Shrinking Services Sector Sends UK Back Into Red

Britain's economy is feared to have plunged back into the red after figures suggested the powerhouse services sector shrank last month for the first time in two years.

The Markit/CIPS purchasing managers' index (PMI) survey showed a reading of 48.9 in December, down from 50.2 in November and below the 50 mark separating growth from contraction.

Services, including construction, suffered badly in the last three months of 2012

The result marked the first dip in the services sector since a snow-related decline in December 2010 and comes after disappointing construction figures on Thursday.

Experts said the decline for the services sector, which makes up around 75% of total output, gives a clear signal that the economy went back into reverse in the final quarter of 2012.

Markit economists said the surveys across the services, manufacturing and construction sectors suggest Britain suffered its worst performance in the final three months of 2012 for more than three years, pointing to a 0.2% contraction in GDP.

This would come as a marked reversal of the 0.9% hike in the third quarter.

Service sector firms reported a slide in new work in December amid budget constraints and a lack of confidence, which was the second back-to-back decrease in new work since mid 2009.

Bad weather was also thought to have been a factor behind the overall contraction in the services sector as Britain was hit by persistent rain.

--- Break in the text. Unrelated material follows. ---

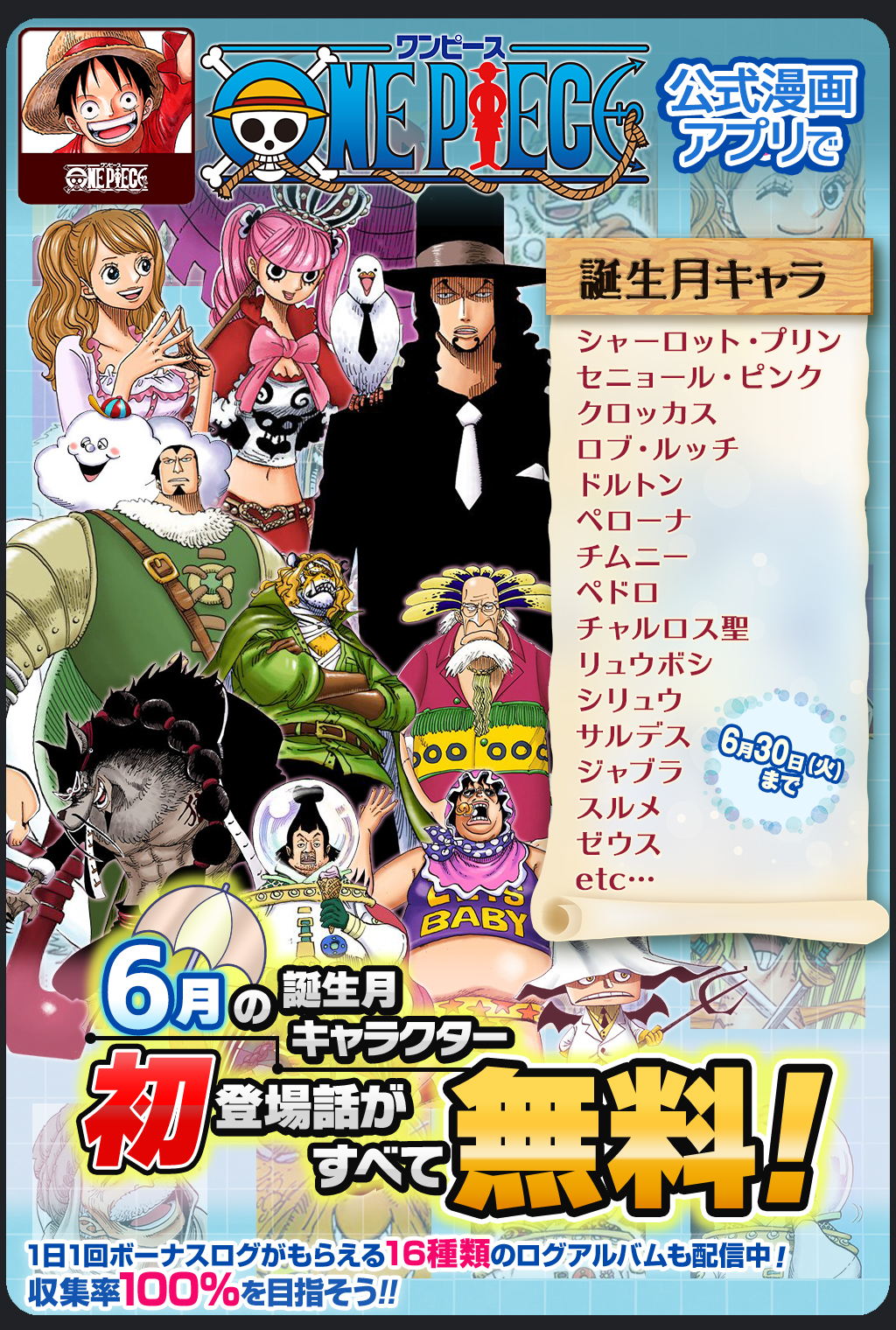 ![ONE PIECE スタッフ【公式】 Official on X: [630(火)まで] 毎日1話以上読める『ONE PIECE』公式漫画アプリで「6月誕生月キャラ特集」開催中! 6月に誕生日を迎えるキャラクターの初登場話が無料で読めるぞ!! ONEPIECEアプリ t.coXZZc8yw31n t.co ...](https://i0.wp.com/pbs.twimg.com/media/EaHYkPoU0AEt0YW.jpg:large?ssl=1)

Construction firms were likewise badly impacted by last month's heavy rainfall, with the PMI survey showing activity in the sector falling at its fastest rate for six months, dragged lower by a poor performance in the housebuilding sector.

Manufacturing was the only bright spot last month with activity surging to a 15-month high in December, according to surveys, but the sector only accounts for 10% of the economy.

Chris Williamson, chief economist at Markit, said the service sector blow "raises the likelihood that the UK economy is sliding back into recession".

The UK would have to suffer two consecutive quarters in a row of declining output to be officially declared back in recession.

But Mr Williamson said the outlook for the first quarter of 2013 is also gloomy.

"Bad weather is likely to have played a role in dampening service sector activity in December, but the fact that incoming new business dropped for a second successive month suggests that underlying demand remains very weak and that activity may continue to fall in the new year," he said.

Vicky Redwood, at Capital Economics, is pencilling in a 0.4% fall in gross domestic product (GDP) in the fourth quarter.

IHS Global Insight chief UK and European economist Howard Archer is forecasting flat GDP, but said the result will depend on how much consumers spent in December.

Friday's survey does not cover the retail sector, but there is little confidence that consumer spending over Christmas was enough to offset woes in the services and construction sectors, given cost pressures on UK households.

The first official estimate of fourth quarter GDP will be released on 25 January, although consumer spending figures will not be included until the second estimate.